Ultrafine Silver Nanoparticle Encapsulated Porous Molecular Traps for Discriminative Photoelectrochemical Detection of Mustard Gas Simulants by Synergistic Size-Exclusion and Site-Specific Recognition.

Abstract

The rapid, discriminative, and portable detection of highly toxic chemical warfare agents is extremely important for response to public security emergencies but remains a challenge. One plausible solution involves the integration of porous molecular traps onto a photoelectrochemical (PEC) sensor.
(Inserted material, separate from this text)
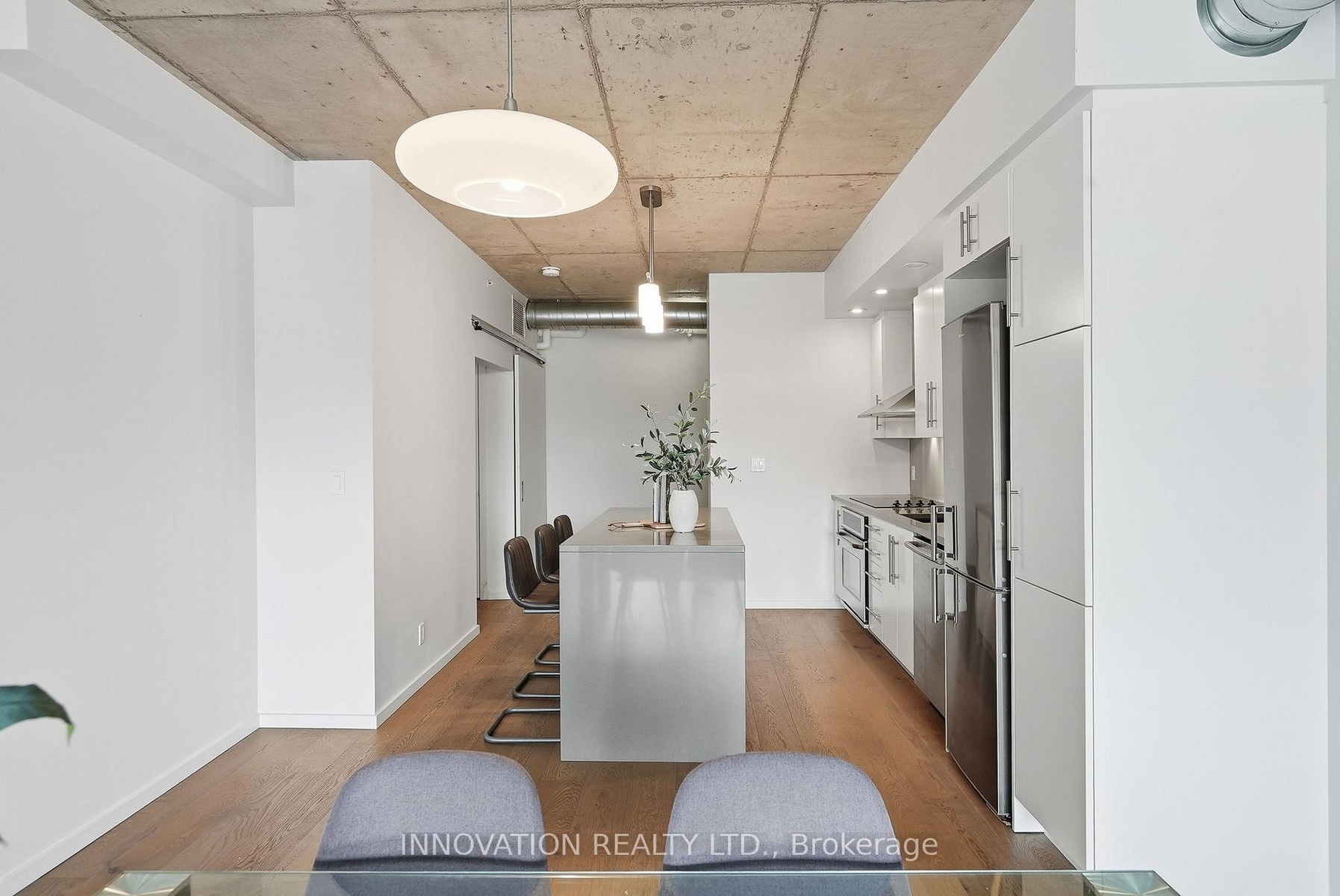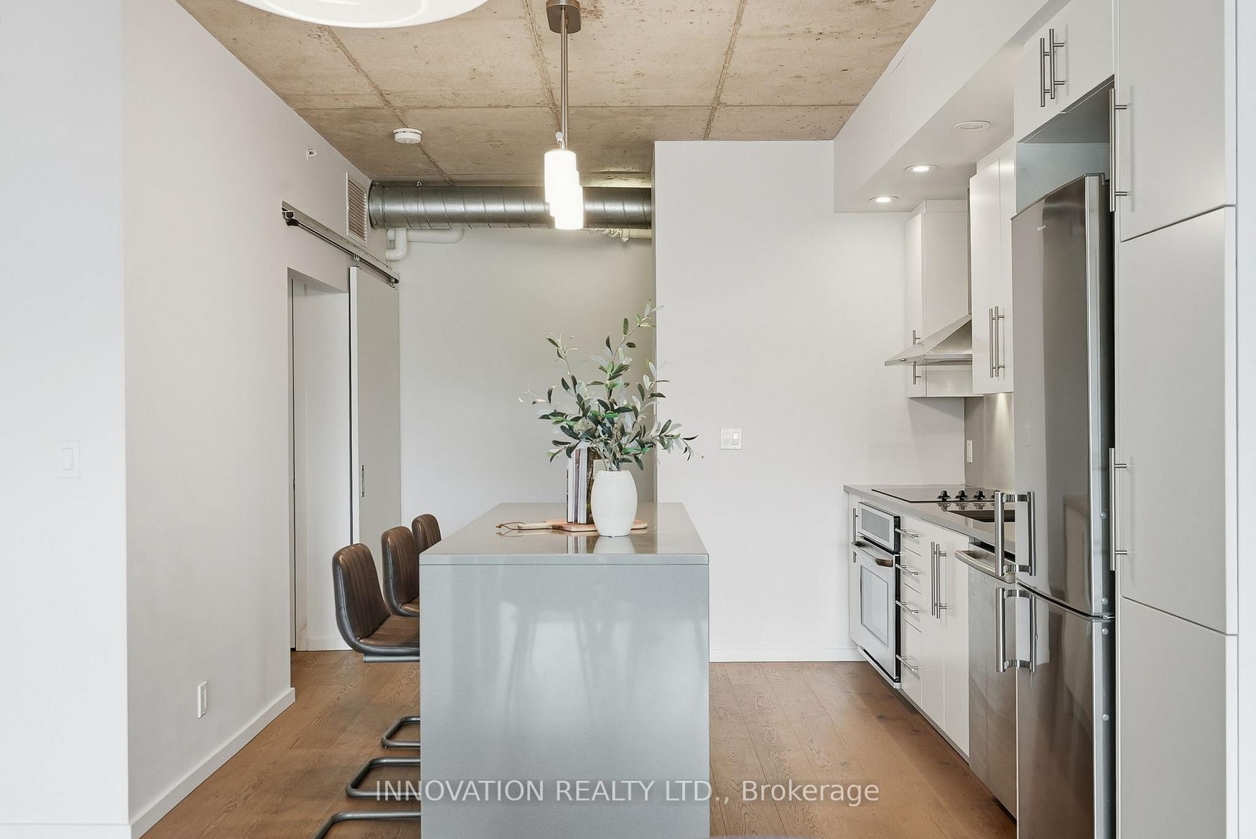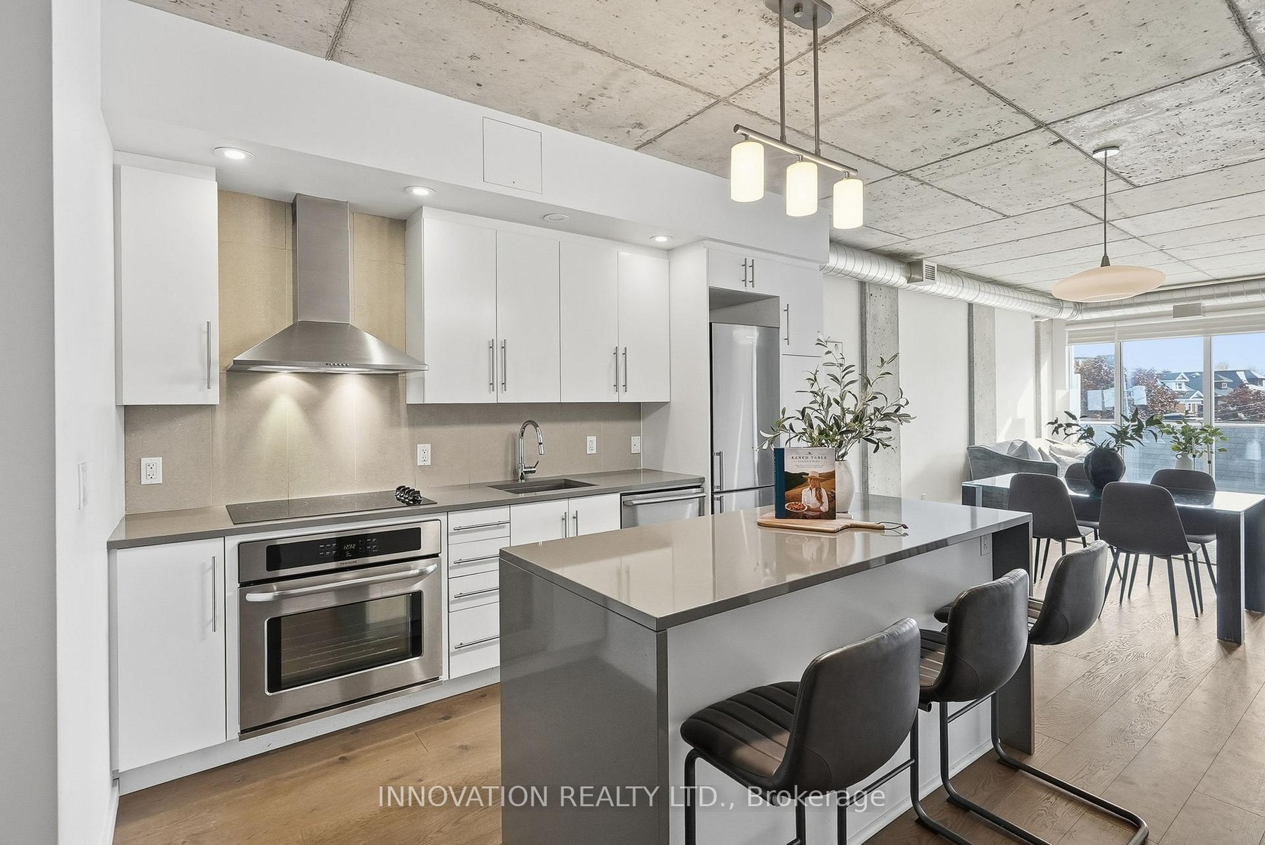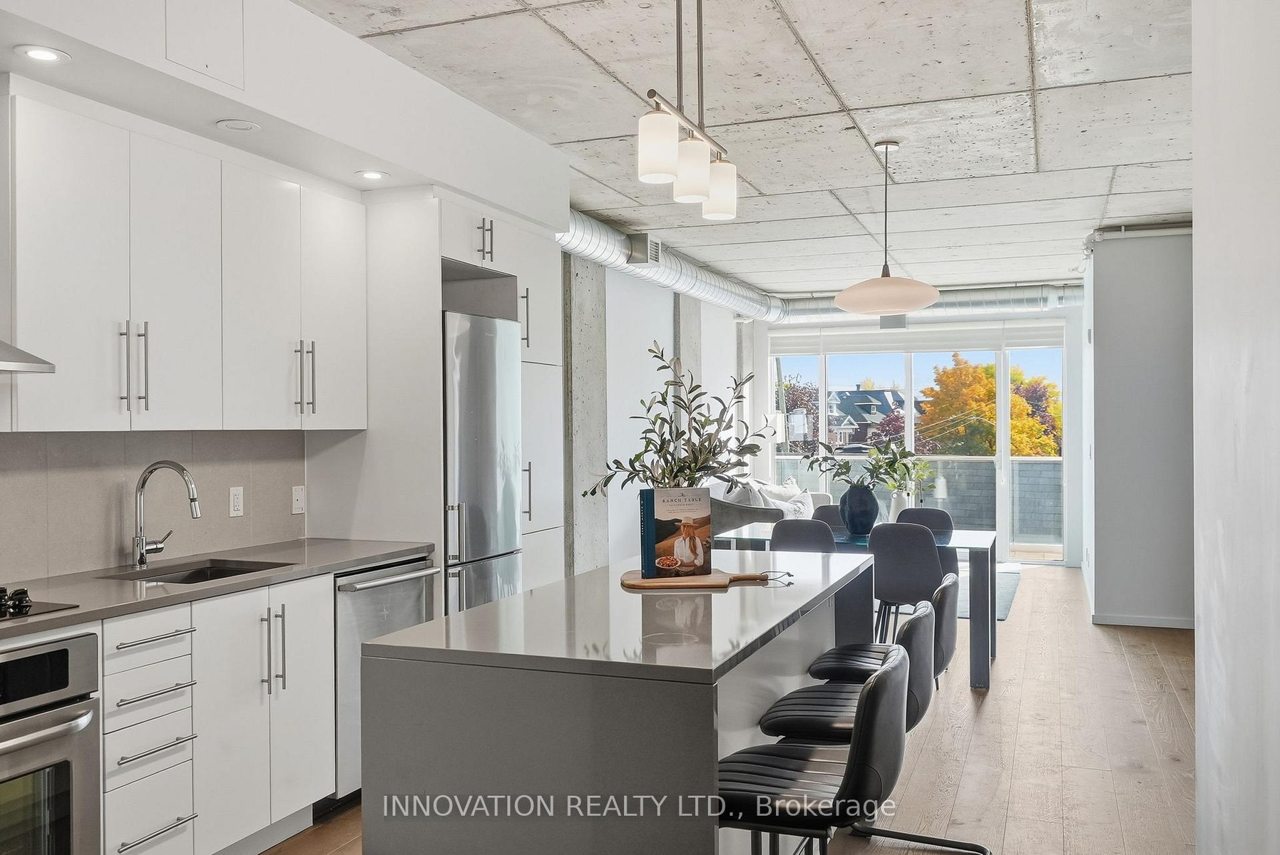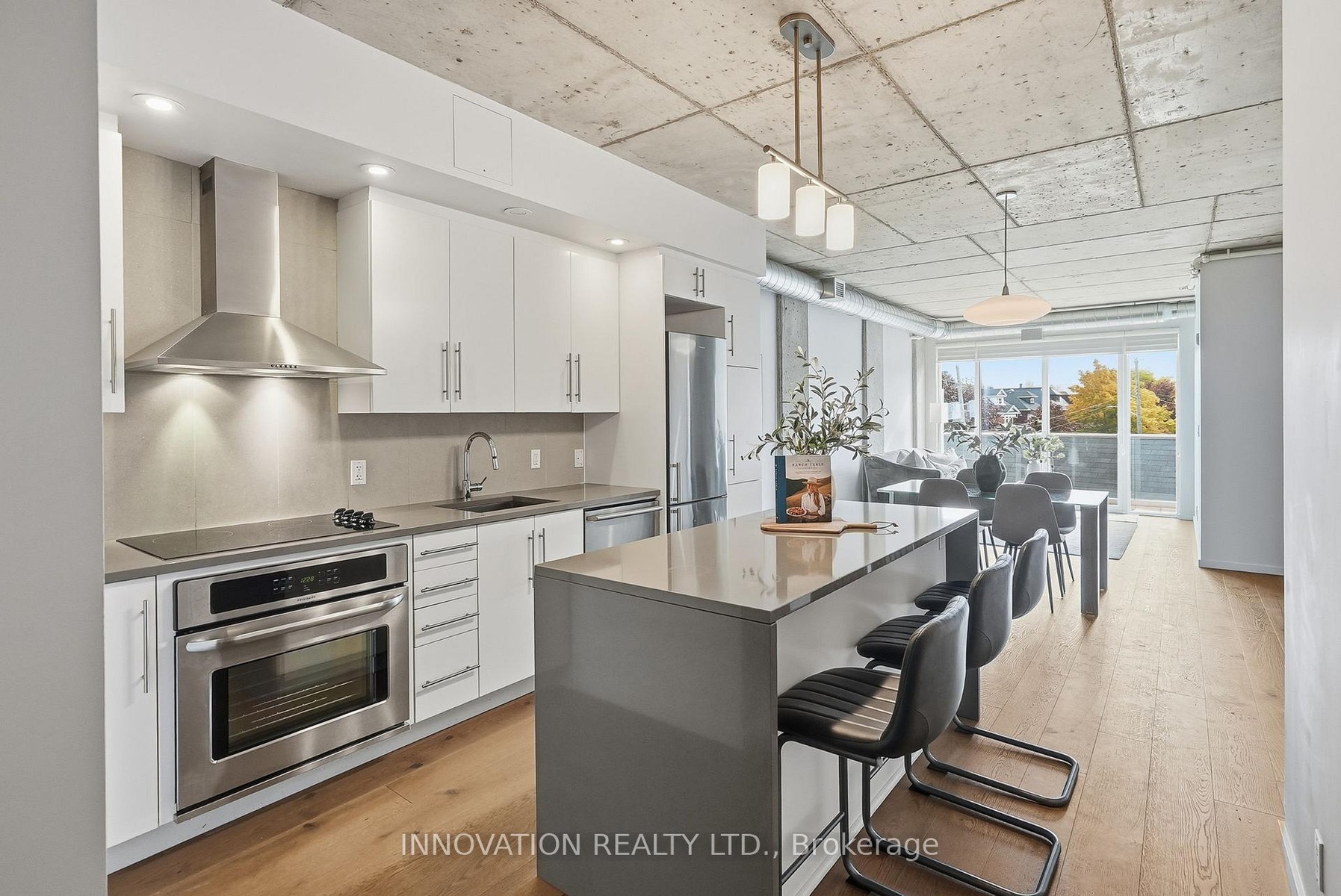 Welcome to this bright and stylish 2-bedroom + den condo offering 1,079 sq. ft. of thoughtfully designed living space in one of Ottawa's most sustainable buildings. The Eddy is LEED-Platinum certified, blending modern comfort with environmentally conscious design in the heart of Hintonburg. This south-facing unit enjoys peaceful treetop and residential views, filling the open-concept layout with natural light. Inside, the exposed concrete accents create a sleek, contemporary feel. The den is ideal for a home office or guest area, while both bedrooms are spacious and have southern facing windows. Enjoy worry-free living with condo fees that include heating, cooling, and water. Parking is also included. Step outside to discover a vibrant neighbourhood - walk to cafés, restaurants, boutiques, and transit just moments from your door.

Here, a fast and facile protocol is developed to fabricate sub-1nm AgNPs encapsulated hydrogen-bonded organic framework (HOF) nanocomposite materials through an in situ photoreduction and subsequent encapsulation process. Compared to traditional semiconductors and selected metal-organic frameworks (MOF) materials, these AgNPs@HOFs show significantly enhanced photocurrent. Most importantly, the portable PEC device based on AgNPs@HOF-101 can selectively recognize 13 different mustard gas simulants, including 2-chloroethyl ethyl sulfide (CEES), based on synergistic size-exclusion and specific recognition. The extremely low detection limit for CEES (15.8nmol L-1 ), reusability (at least 30 cycles), and long-term working stability (at least 30 d) of the portable PEC device warrant its use as a chemical warfare agents (CWAs) sensor in practical field settings. More broadly, this work indicates that integrating porous molecular traps onto PEC sensors offers a promising strategy to further develop portable devices for CWAs detection with both ultrahigh sensitivity and selectivity.